ACTIVITY → What is needed is the full listing written out exactly, minus the pictures.

DATASET EXCERPT →
------
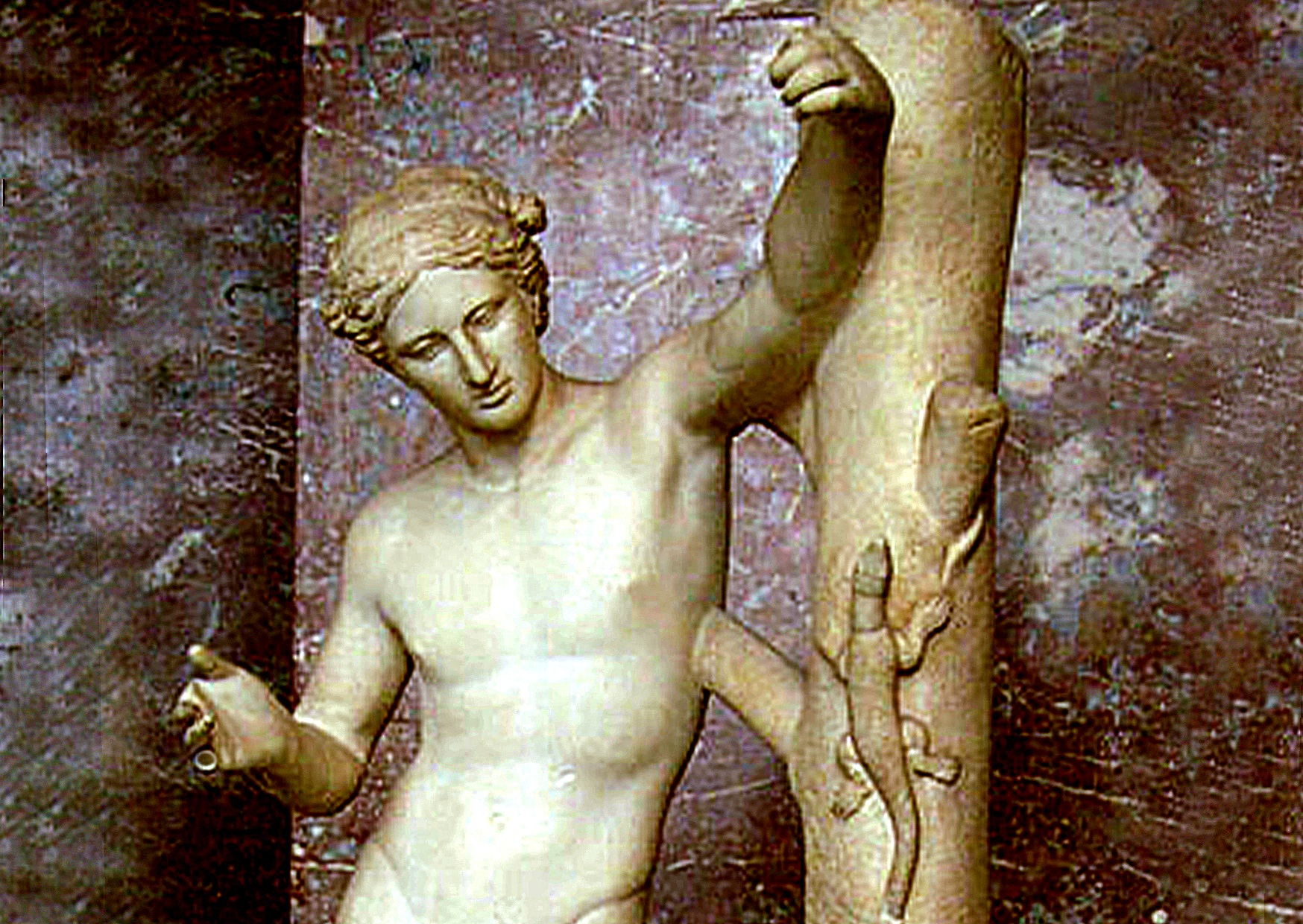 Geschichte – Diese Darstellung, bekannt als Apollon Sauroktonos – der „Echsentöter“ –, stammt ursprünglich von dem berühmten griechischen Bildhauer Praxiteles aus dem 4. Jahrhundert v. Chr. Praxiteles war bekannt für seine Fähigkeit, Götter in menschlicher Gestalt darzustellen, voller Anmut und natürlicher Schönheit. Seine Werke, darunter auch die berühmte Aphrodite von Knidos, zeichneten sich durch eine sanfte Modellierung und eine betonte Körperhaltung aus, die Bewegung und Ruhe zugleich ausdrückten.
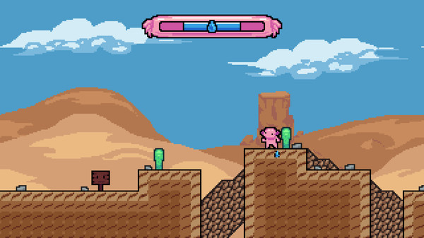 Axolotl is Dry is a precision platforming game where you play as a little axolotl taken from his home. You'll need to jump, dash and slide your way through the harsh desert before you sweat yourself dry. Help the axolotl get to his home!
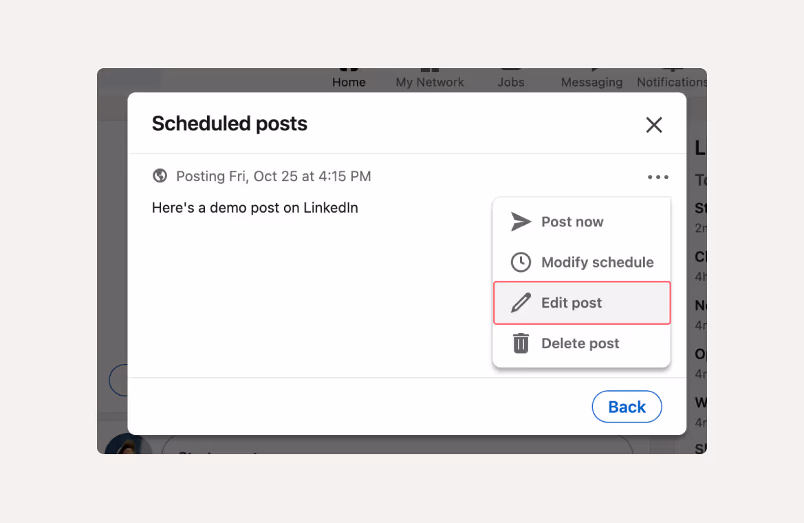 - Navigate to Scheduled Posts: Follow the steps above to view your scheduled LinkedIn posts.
------
RESULT OF THE EXERCISE →
 Geschichte – Diese Darstellung, bekannt als Apollon Sauroktonos – der „Echsentöter“ –, stammt ursprünglich von dem berühmten griechischen Bildhauer Praxiteles aus dem 4. Jahrhundert v. Chr. Praxiteles war bekannt für seine Fähigkeit, Götter in menschlicher Gestalt darzustellen, voller Anmut und natürlicher Schönheit. Seine Werke, darunter auch die berühmte Aphrodite von Knidos, zeichneten sich durch eine sanfte Modellierung und eine betonte Körperhaltung aus, die Bewegung und Ruhe zugleich ausdrückten.
 Axolotl is Dry is a precision platforming game where you play as a little axolotl taken from his home. You'll need to jump, dash and slide your way through the harsh desert before you sweat yourself dry. Help the axolotl get to his home!
 - Navigate to Scheduled Posts: Follow the steps above to view your scheduled LinkedIn posts.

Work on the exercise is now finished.